Claire Tabouret (born 1981) is a French artist based in Los Angeles, California, United States. She works with figurative subject matter, using loose expressive brushstrokes in a broad palette, mimicking both artificial and natural hues.

==Work==
Tabouret's 'Makeup' (2015-ongoing) depicts young women and girls with their faces smeared with cosmetics. The smeared makeup references a child's first attempts at painting.

In 2017 Tabouret exhibited alongside Yoko Ono in the exhibit 'One Day I Broke a Mirror' at Villa De Medici. For the exhibit, she made paintings of groups of women, seated and looking forward, described as warriors, adventuresses, and conquerors.

Also in 2017, Tabouret painted the interior of a chapel on the estate of Pierre Yovanovitch, covering the interior walls of the chapel with a crowd of children in costumes.
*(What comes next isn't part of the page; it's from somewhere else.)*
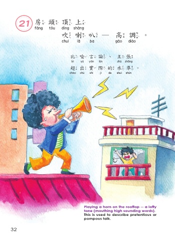 21 房頭頂上 房頭頂上 吹喇 ─高 調 。 吹喇吧 高調 比喻言論、主張 比喻言論 主張 超出實際的水準。 超出實際的水準 Playing a horn on the rooftop ─ a lofty tone (mouthing high sounding words). This is used to describe pretentious or pompous talk. 32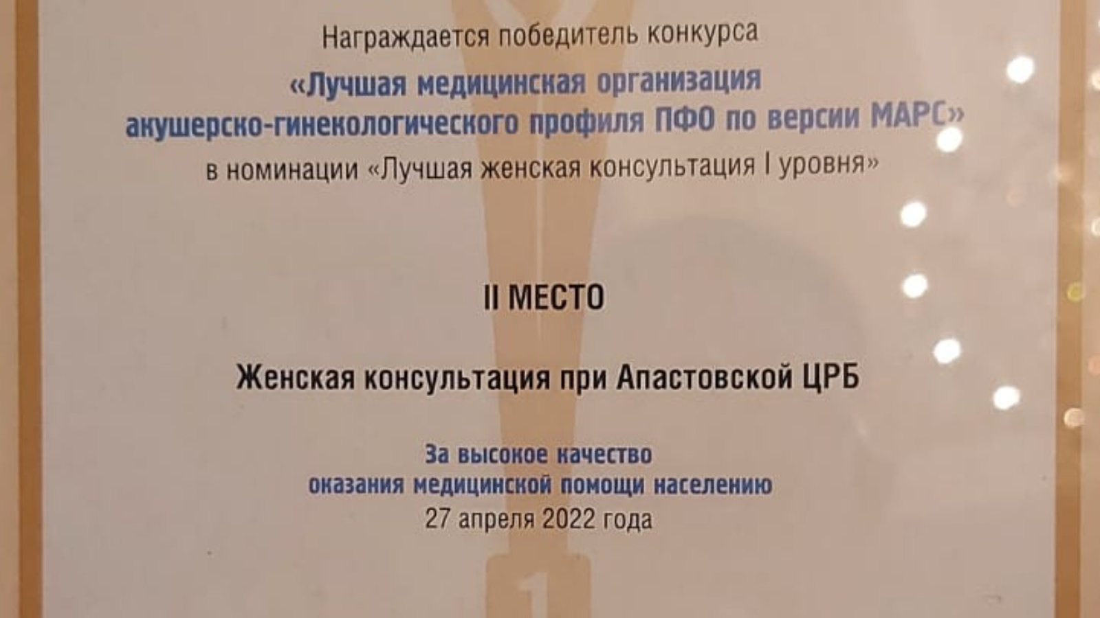 Women's Health Clinic under the SAHI Apastovo CDH took the second place in the nomination “Best Women's Health Clinic of the I Level" of the competition “Best Medical Organization of the Obstetric and Gynecological Profile of the Volga Federal District – 2021”.

For a two part exhibit in both Picasso's studio and Almine Rech Gallery, she painted a series using the subject matter of wrestlers and couples dancing, the struggle and harmony of the two subjects relating to her own feelings about the famous painter whose space she was responding to.

In 2021, Tabouret was included in the exhibition ‘Present Generations’ at the Columbus Museum of Art. The exhibition consisted of works to be donated to the museum in order to inaugurate the Columbus Museum of Art's Scantland Collection. Also in 2021, works by Tabouret were acquired by the Institute of Contemporary Art Miami and the Dallas Museum of Art.

Tabouret's work was included in the 2022 exhibition Women Painting Women at the Modern Art Museum of Fort Worth.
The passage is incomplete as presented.